» Work order:
Shown below are entries with pictures; the line with "Treppe zum Eingang" through the line with "Wunderten sich über" is the span to retype exactly, and the pictures stay out.

» Input records:

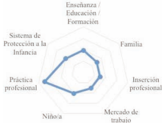
GRÁFICO 8: Joven social. Cruzamiento con las principales palabras clave. Valores sobre total
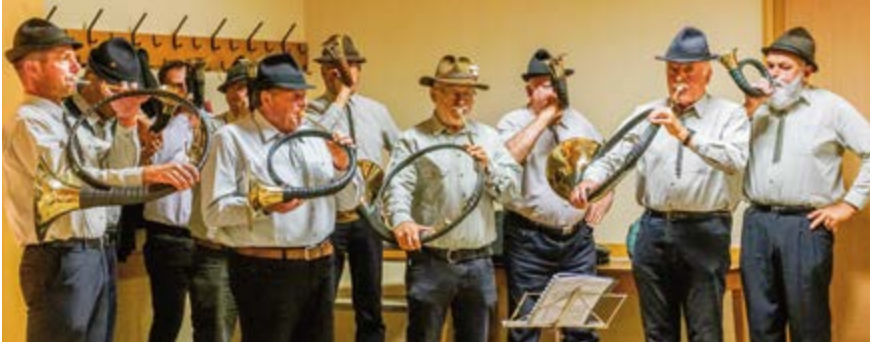
Stilvolle Eröffnung des Festabends durch die Bläser

helfenden Hände im Hintergrund. Schön war es im Steigerwald. Nächstes Jahr treffen wir uns alle in Tschechien, nicht zuletzt bei der berühmten tschechischen Pirsch. Horrido und Waidmannsheil!
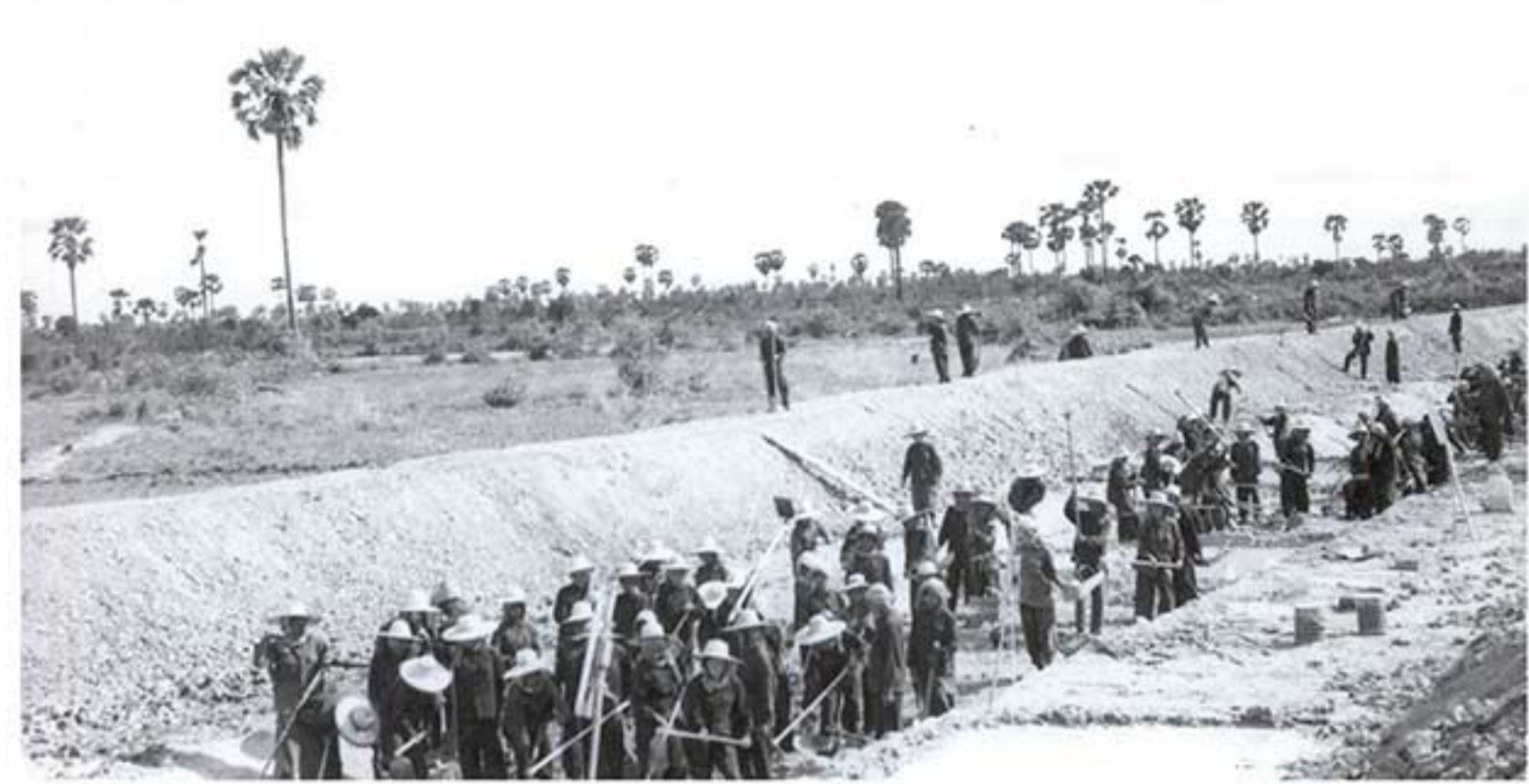
ប្រជាជនកម្ពុជាកំពុងដឹកប្រឡាយទឹកនៅជិតក្រុងភ្នំពេញក្នុងប្រទេសខ្មែរក្រហម។ ប្រជាជនគ្រប់ប្រភេទត្រូវតែងទទួលបានស្ថាពរ និងនៅពេលខ្លះខ្មែរក្រហមបានផ្តល់សំលៀកបំពាក់ និងក្រមាជាបណ្តោះអាសន្នដល់ពួកគេ។ នៅពេលកម្មាភិបាលខ្មែរក្រហមធ្វើដំណើរមកកាន់តំបន់ ប្រជាជនគ្រប់ប្រភេទត្រូវបានបង្គាប់ឱ្យញញឹមដាក់ម៉ាស៊ីនថតនិងសំរាប់ស្តារមន្ត្រីដំណើររបស់កម្មាភិបាល ខ្មែរក្រហម។ Cambodian people digging the dam in the suburb of Phnom Penh during the Khmer Rouge regime. All people were obliged to work during the regime. The Khmer Rouge regime compelled large portions of the population to conduct manual labor on a daily basis in order to increase the country's production of rice.
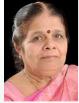
લીલાબેન સનત ખોના ગામ - જખૌ

પરબ એટલે તરસ્યાનો વિસામો, રણમાં મીઠી વીરડી, પરબ એટલે કેડીઓ બહેનોને આર્થિક સંકળામણમાં એમનો હાથ ઝાલી એમને આત્મનિર્ભર કરતો એક મજબૂત હાથ. આમ પરબ શક્તિ સંજીવની કેડીઓ સમાજની દૂરદર્શી બહેનોએ બહેનોની અંદર સમાયેલી શક્તિ, સામર્થ્ય અને કૌશલ્યનો પરિચય કરાવી એટલું પ્રોત્સાહન માત્ર નથી આપ્યું પણ અમારા માટે હકીકતમાં “પરબ” નામનું પ્લેટફોર્મ ઉભું કર્યું, જ્યાં અમે અમારા હસ્ત કૌશલ્યનો ઉપયોગ કરી પરિવારને આર્થિક ટેકો આપી ખરા અર્થમાં પરબે અમને સમાજમાં વ્યાવસાયિક મહિલાનો દરજ્જો અપાવ્યો.
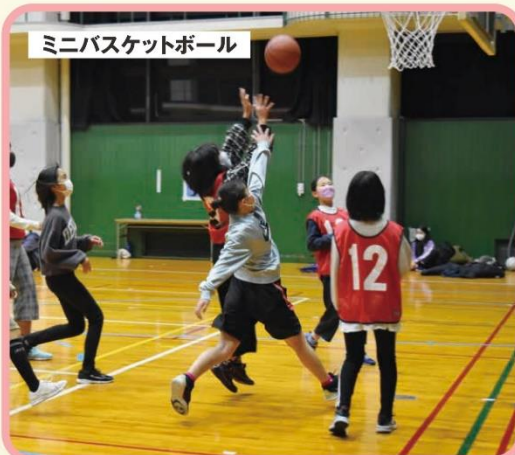
ミニバスケットボール
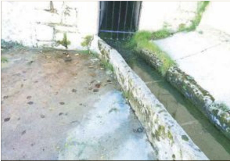
La fuente tiene fugas y ahora el agua se huela por el frío
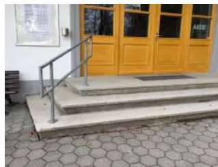
Treppe zum Eingang
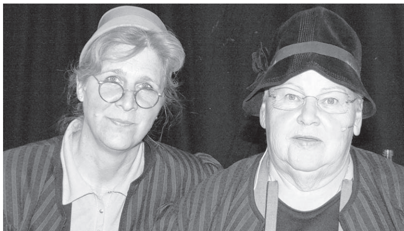
Wunderten sich über „Reigschmecke“ aus Pfullendorf: Die „Bronnweiler Weiber“ haben eine eigene Art von Humor.

sind ein bisschen schlauer hinterher und auch der 1,96 Meter große Rotblonde mit der Schuhgröße 48 fühlt sich in Sigmaringen wohl: „Sie machen so einen herzlichen Eindruck“.
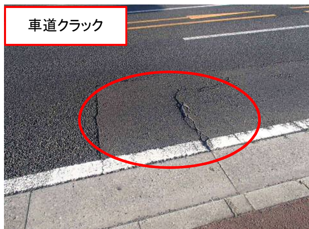
徒歩パト点検状況
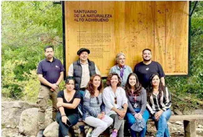
Este comité desarrolló su cuarta sesión en terreno.
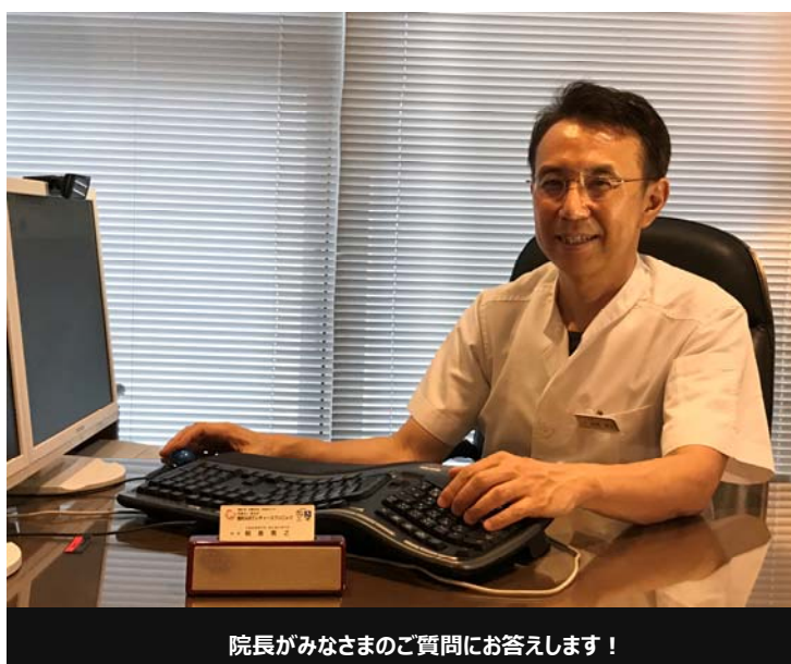
院長がみなさまのご質問にお答えします！
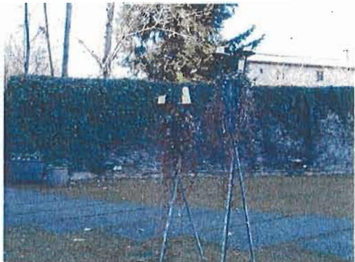
MUR LÍMIT VEÍ

» Result for this exercise:
Treppe zum Eingang
Wunderten sich über „Reigschmecke“ aus Pfullendorf: Die „Bronnweiler Weiber“ haben eine eigene Art von Humor.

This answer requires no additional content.